Court backs male villagers on small house policy but landmark ruling says 'ding rights' apply only to private - not government - land

Top News | Phoenix Un 9 Apr 2019

The High Court has ruled that the practice of allowing male indigenous villagers to build houses is constitutional - on condition it is on private land and not government land.

In the landmark ruling concerning "ding rights" - those enjoyed by the beneficiaries of the Small House Policy - Justice Anderson Chow Ka-ming ruled on whether three practices whereby villagers can build their own houses fall within the Basic Law's Article 40.

The policy, which has applied since December 1972, recognizes a long-established system that allows a male villager to apply for permission to build once in his lifetime a small house within his village.

Article 40 states that "the lawful traditional rights and interests of the indigenous inhabitants of the New Territories" are protected.

The three practices are the private treaty grant, whereby the government offers land with a premium two-thirds of the market price to a villager to build a house; free building licences that allow villagers to build houses on private land without paying a land fee; and a land exchange whereby villagers can switch plots with the government to build houses. Only the second option is lawful.

So-called "King of the Judicial Review" Kwok Cheuk-kin and social worker Hendrick Lui Chi-hang filed for a judicial review in 2015 and were listed as applicants. The director of Lands, the Chief Executive-in-Council and the secretary for justice were respondents.
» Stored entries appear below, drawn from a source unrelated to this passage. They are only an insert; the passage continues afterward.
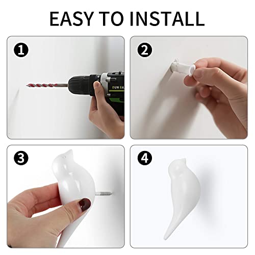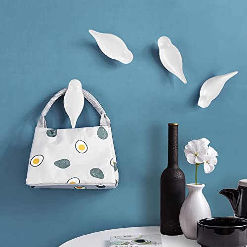 Gancio a muro bianco a forma di uccellino/Supporto da Parete Multiuso per Chiave per Asciugamano e Cappello, Set di 5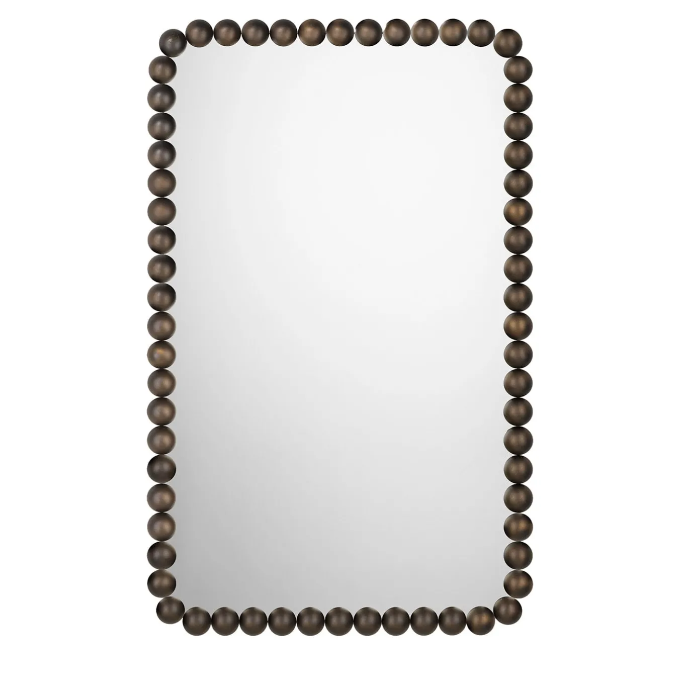 A sophisticated interplay of clean geometries, this wall mirror is distinguished by a rectangular frame of bronze-finished brass spheres. Ideally complementing a luminous contemporary-style interior decor, it is designed by Nika Zupanc for the Gioiello series. It is also available in chromed and black finishes as well as other shapes, please consult the Artemest catalog for options.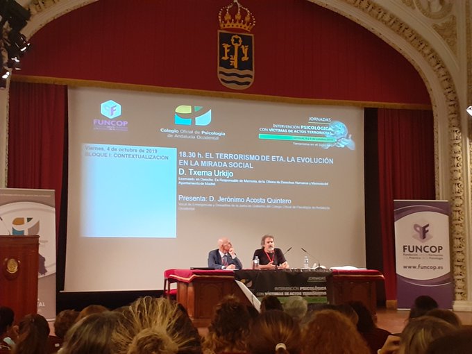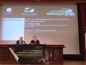Conferencia «El terrorismo de ETA. La evolución en la mirada social», en el marco de las Jornadas sobre «Intervención psicológica con víctimas de actos terroristas», organizadas por el Colegio Oficial de Psicólogos de Andalucía Occidental.
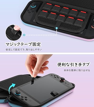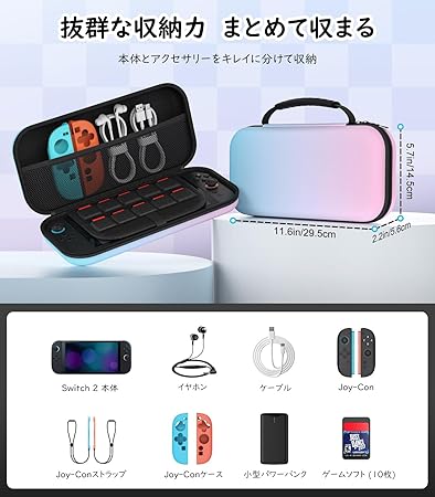MoKo Switch2 ケース スイッチ2 ケース キャリングケース 第2世代保護カバー 収納バッグ 防塵 防汚 耐衝撃 ストレージカバー EVA素材 耐衝撃 全面保護 大容量 ゲームカード ソフト/ケーブル/イヤホンなど小物収納可能 持ち運び便利 BluePinkGradation a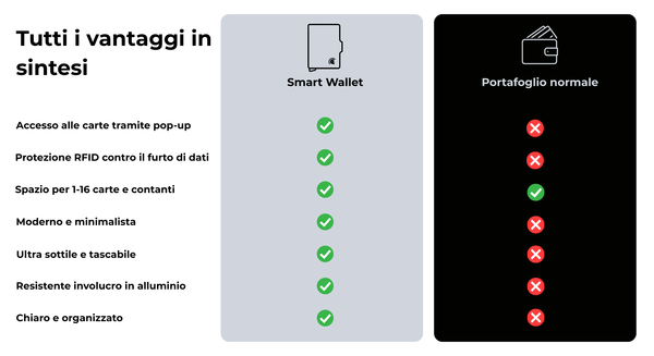 Il Smart Wallet RFID unisce un design minimalista alla massima funzionalità. Con un solo clic hai accesso immediato alle tue carte più importanti, in modo rapido, sicuro ed elegante.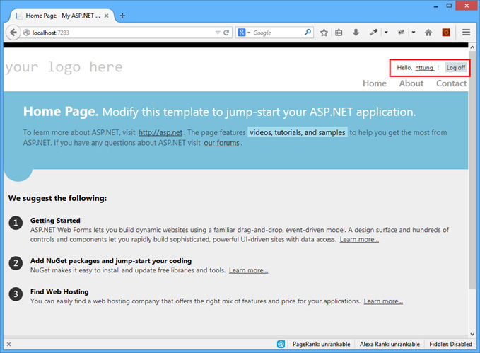 Ctrl+F5 từ Visual Studio để chạy ứng dụng sau đó đăng ký thử một người dùng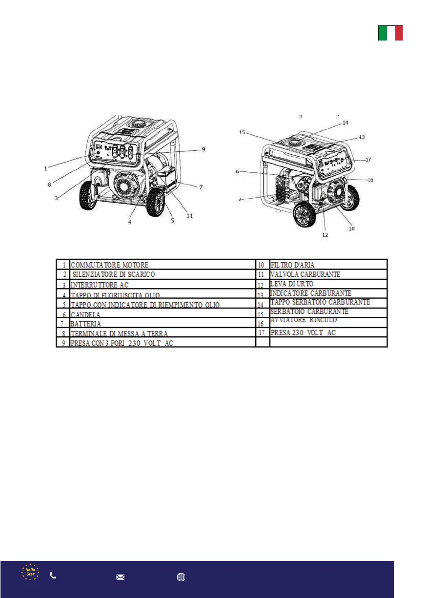 generatore per familiarizzarvi con gli alloggi dei vari comandi e regolazioni. Conservare questo manuale per essere

The Heung Yee Kuk was lan interested party.

Chow ruled that the real issue whether the three policies were constitutional was whether ding rights could be "traditional" and "lawful" as stated in Article 40.

To be a traditional right, Chow said, "it has to be shown the right or interest in question is traceable to the rights or interests of the New Territories indigenous inhabitants before the commencement of the New Territories Lease in 1898." That was when Britain leased the New Territories for 99 years.

Chow ruled that the free building licence can be regarded as a traceable right as this form of land grant by the government, which started in about 1906, was made on the understanding that prior to the New Territories lease "villagers were entitled to build houses on their land without having to seek approval of, or make any payment to, the Imperial authorities."

Although details of the licence granted by the government have changed over time, Chow found the original basis on which free conversion of agricultural land into building land was permitted by the government was unchanged.

But the same could not be said of a private treaty grant, Chow said, finding that villagers did not have a right to acquire land to build houses prior to the 1898 lease at a concessionary rent.

But Chow did not address another issue that Kwok and Lui raised - that ding rights discriminate by gender. Chow believed it was clear at the time of its drafting that some rights in the Basic Law's Article 40 might be open to objection on the ground they were discriminatory.

Kwok said after the verdict that he would consider filing an appeal against the notion that ding rights are traditional.

A Development Bureau spokesman said experts would consider whether to appeal after studying the verdict relating to two small house construction methods being unconstitutional.

And Heung Yee Kuk chairman Kenneth Lau Ip-keung said he is "worried, sad and sorry" about the judgment, and the kuk will discuss an appeal.